Maybe he would catch a glimpse of her at a lighted window. Maybe she would pass him on her way to the corner grocery or the mailbox or walking her dog.
Or maybe she transferred from that bus to yet another and she was still miles away from him.
It didn't matter. He felt so much closer to her than he did when he was home. He felt so much warmer walking on a street she may have walked. Sometimes when he reached the camera shop again, he found he did not have the will to climb into his car and drive the lonely distance to his rented room. Instead he would turn and retrace his steps to the end of the line and back again.
Trissa
In his new blue suit and maroon-striped tie, Bob Kirk whirled Edie onto the dance floor, aware of every admiring female glance turned his way. He was a looker and he knew it and it made Trissa ill to see how her mother basked in his glow. She regretted allowing herself to be recruited as coat check girl for this event. But she had thought the cloakroom would be out of the way and quiet enough to let her read. There was a test on Silas Marner on Monday and she was only on chapter four.

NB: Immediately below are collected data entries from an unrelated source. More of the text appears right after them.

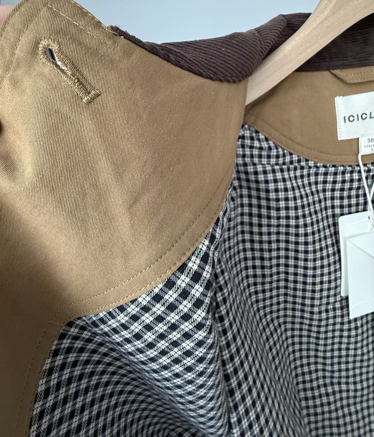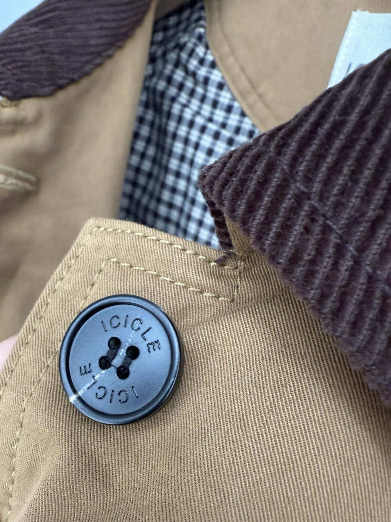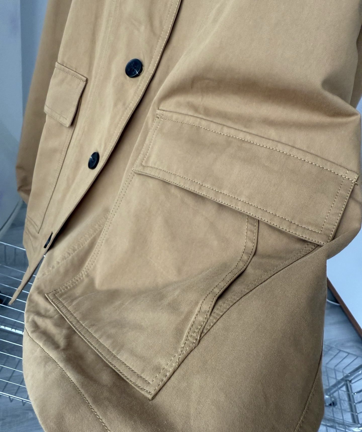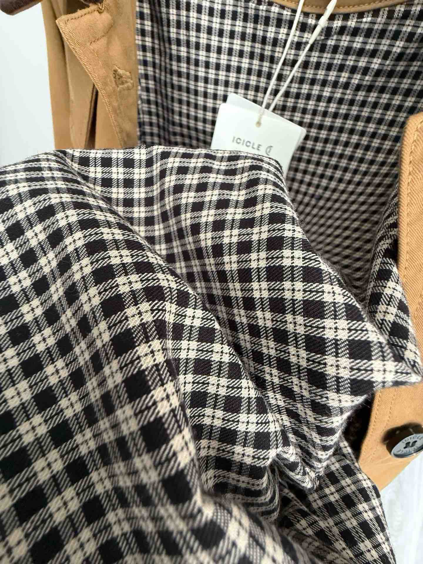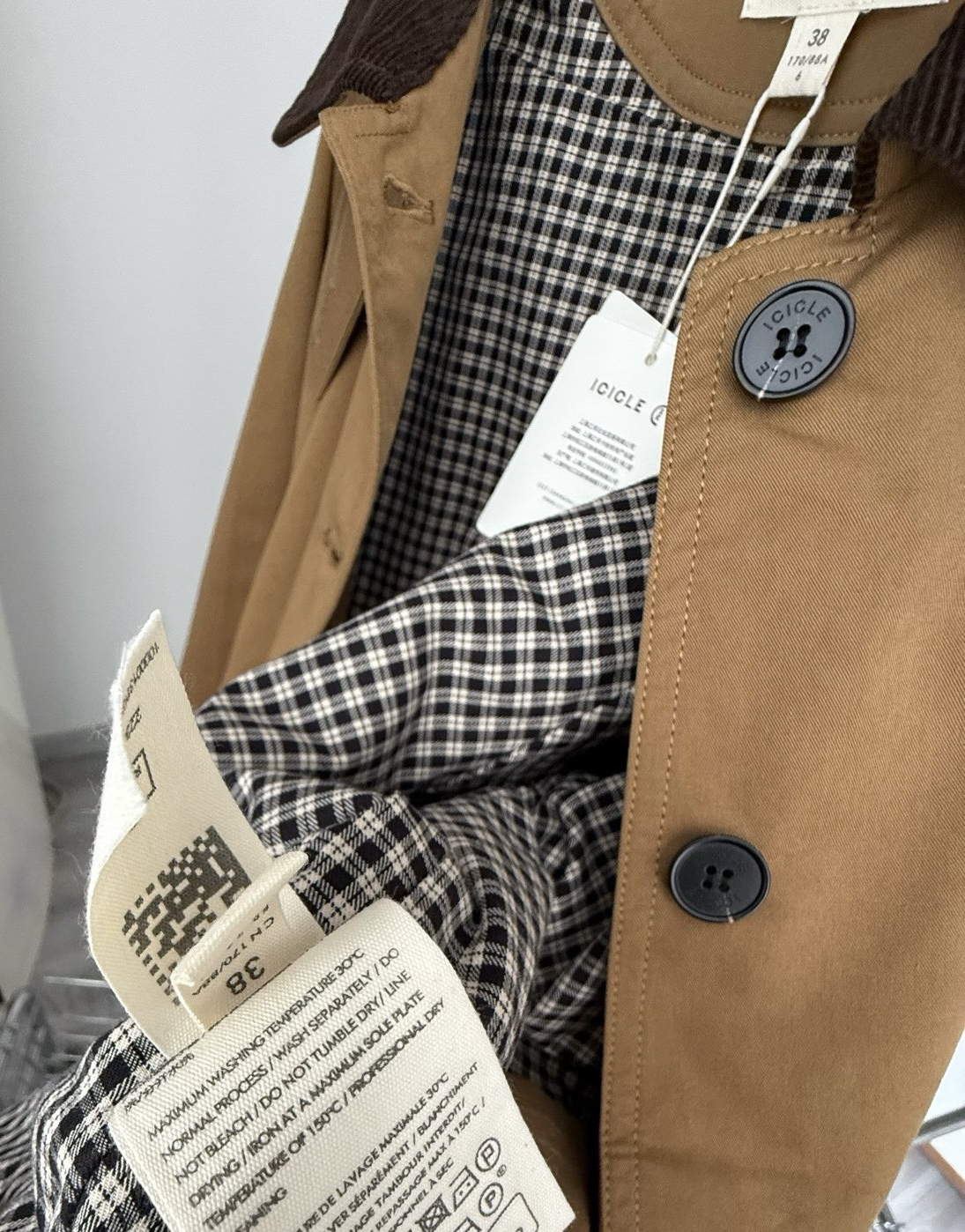 领部是灯芯绒面料,为外套增添了独特的质感和视觉亮点,内搭是磨毛纯棉黑米白格纹面料,保留了猎装原有的元素面料细节,整件衣服精打细磨,简直了~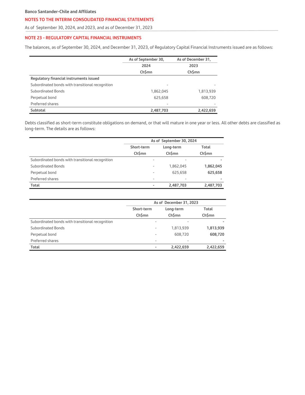 NOTE 23 - REGULATORY CAPITAL FINANCIAL INSTRUMENTS The balances, as of September 30, 2024, and December 31, 2023, of Regulatory Capital Financial Instruments issued are as follows:   As of September 30, As of December 31, 2024 2023   Ch$mn Ch$mn Regulatory financial instruments issued     Subordinated bonds with transitional recognition - - Subordinated Bonds 1,862,045 1,813,939 Perpetual bond 625,658 608,720 Preferred shares - - Subtotal 2,487,703 2,422,659 Debts classified as short-term constitute obligations on demand, or that will mature in one year or less. All other debts are classified as long-term. The details are as follows:   As of September 30, 2024 Short-term Long-term Total   Ch$mn Ch$mn Ch$mn Subordinated bonds with transitional recognition - - - Subordinated Bonds - 1,862,045 1,862,045 Perpetual bond - 625,658 625,658 Preferred shares - - - Total - 2,487,703 2,487,703   As of December 31, 2023 Short-term Long-term Total   Ch$mn Ch$mn Ch$mn Subordinated bonds with transitional recognition - - - Subordinated Bonds - 1,813,939 1,813,939 Perpetual bond - 608,720 608,720 Preferred shares - - - Total - 2,422,659 2,422,659 Banco Santander-Chile and Affiliates NOTES TO THE INTERIM CONSOLIDATED FINANCIAL STATEMENTS As of September 30, 2024, and 2023, and as of December 31, 2023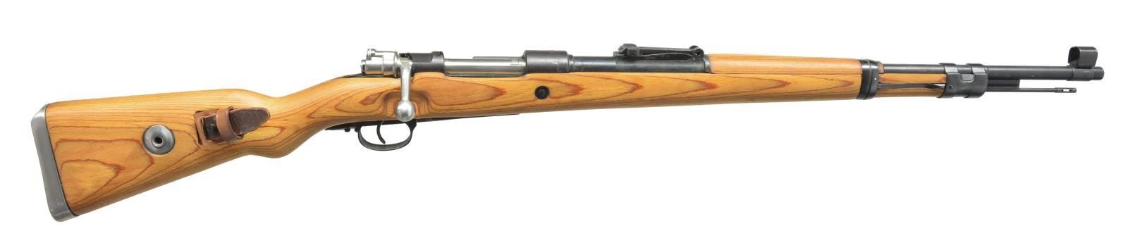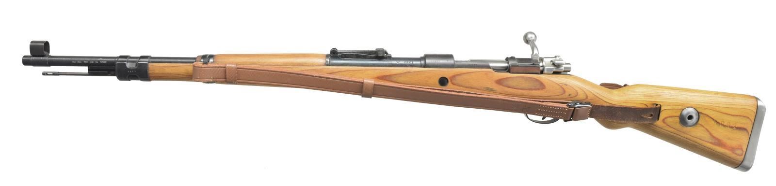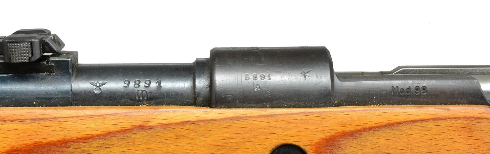 Cal. 8 mm Mauser. S# 9891m. Bbl. 23 5/8", import marked on left side. All visible numbers match. Rifle is restored "Russian capture" w/ "X" marked on left side of receiver ring & German markings partially obliterated. Receiver marked on left rail "Mod 98". Receiver ring marked on top w/ "Waffenamt WAA???" "dou" "44". Bbl. marked over chamber w/ "E" "K" "dou". Tangent rear sight graduated to 2000m. Inverted "V" front sight w/ protective hood. Cleaning rod is present. Furniture is milled except for cup type buttplate & takedown hole. Laminated stock set marked only w/ S#. Reproduction leather sling. CONDITION: entire rifle has been given arsenal rework finish, wood & metal are near good to excellent w/ scattered sm. handling marks. Bolt is polished bright. Near excellent shiny bore. (21-1475/RW). CURIO. $600-900.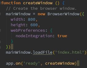 width와 height 값으로 새로운 윈도우를 생성했을 때의 사이즈 값을 설정 할 수 있고 loadFile() 으로 새로운 윈도우를 생성했을 때 보여질 html파일을 설정할 수 있습니다.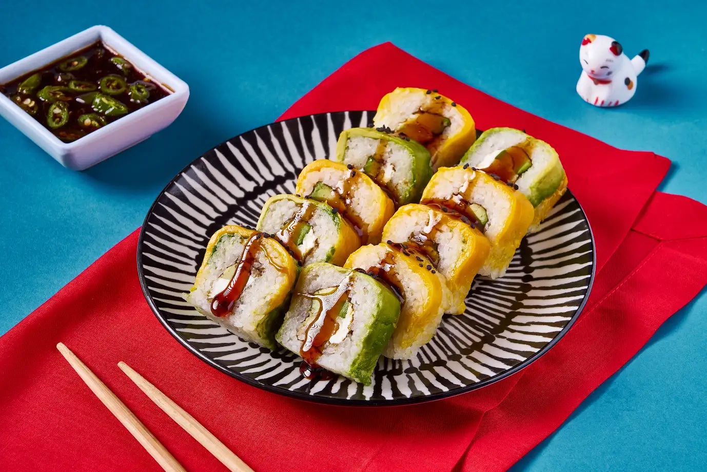 Rollo con pollo en tempura, queso manchego y salsa teriyaki.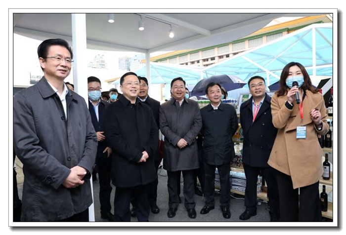 開幕日上午,省政府副秘書長高屹,省商務廳廳長盛秋平,下城區委書記劉穎等領導在省國貿集團黨委委員、副總經理黃道領,浙江土畜總經理楊躍勝的陪同下,蒞臨公司展位,現場觀看公司斯托卡羅紅酒在阿里平臺上的“云拍賣”活動。黃總代表國貿集團向到場的嘉賓們詳細介紹了浙江土畜進口的牛肉、紅酒和牛奶等產品。近年來,浙江土畜依托互聯網科技和武林商圈黨建聯盟豐富的企業資源,積極培育進口產品的新零售模式,努力促進傳統商貿業務云轉型。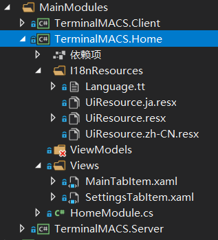 基于上面的要求,我尝试在各模块(module)中也定义了语言文件(xaml),主窗体切换语言时,加载模块语言文件老是提示不存在对应的资源字典文件,我恼火呀,后面还是参考“accelerider.windows”国际化的方式,使用资源文件实现本地化和国际化了,不纠结xaml的方式了,唉。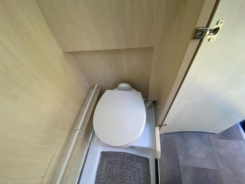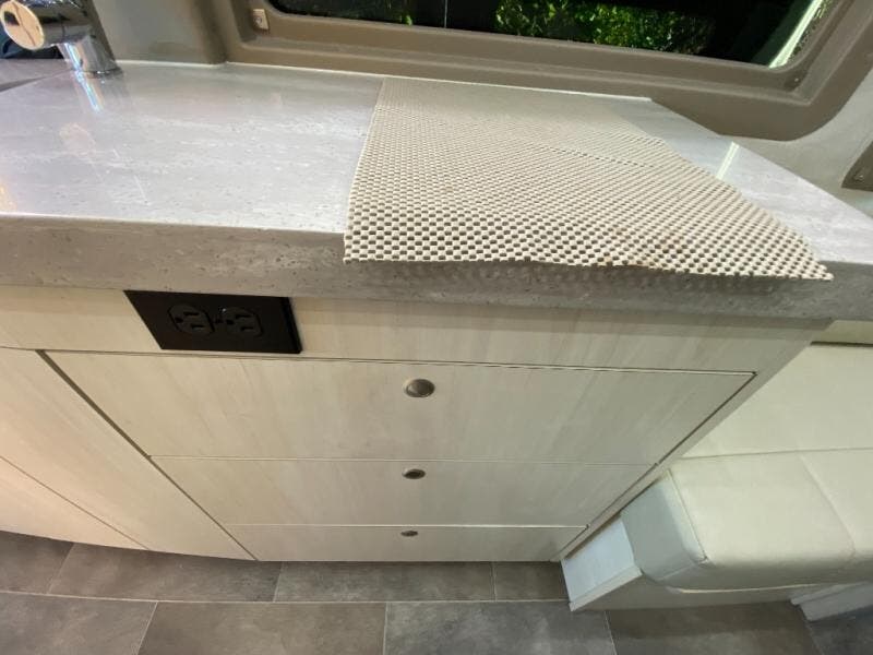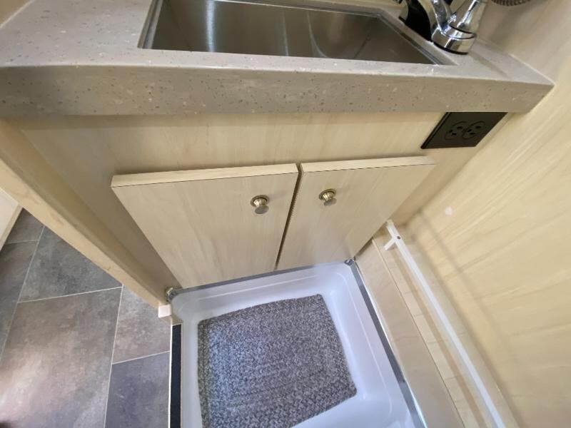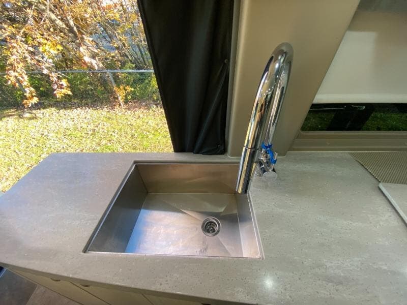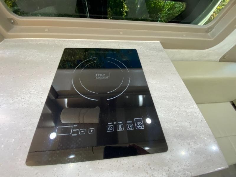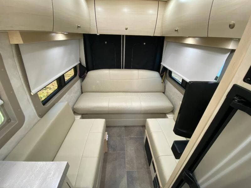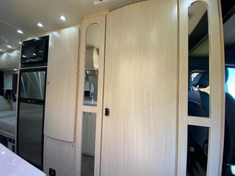 You will experience a comfortable ride in this Plateau Class B diesel motorhome with memory foam sofa cushions. The wet bath comes fully equipped with a medicine cabinet with a mirror, a Corian countertop, a towel rack, plus a handheld showerhead. The exterior shower also has a handheld showerhead to make rinsing off the mud even easier. All of the seating throughout is covered in Ultraleather fabric, including the swiveling captain's chairs. With the generous amount of available storage in the full-size wardrobe, you can easily reach any of your hang-up clothes!

Instead, she found her outpost to be in a direct line with the dance floor and the ringside table where her parents polished their public veneer for all their friends and fellow parishioners. Bob Kirk had been the chairperson this year and had steered his committee to what appeared to be a rousing success, despite a raging thunderstorm. The bar was booming, the band was lively, the decorations were perfect, and they probably would make just enough profit to top last year's which would look good in the Sunday bulletin next week.
That Bob Kirk is a whiz of an organizer, people would say. He sure knows how to put on a good show, they would comment, with more truth than any suspected. You must be real proud of your old man, someone was bound to tell Trissa. Yes, real proud, she would lie with a smile that was as good a show as any he could put on.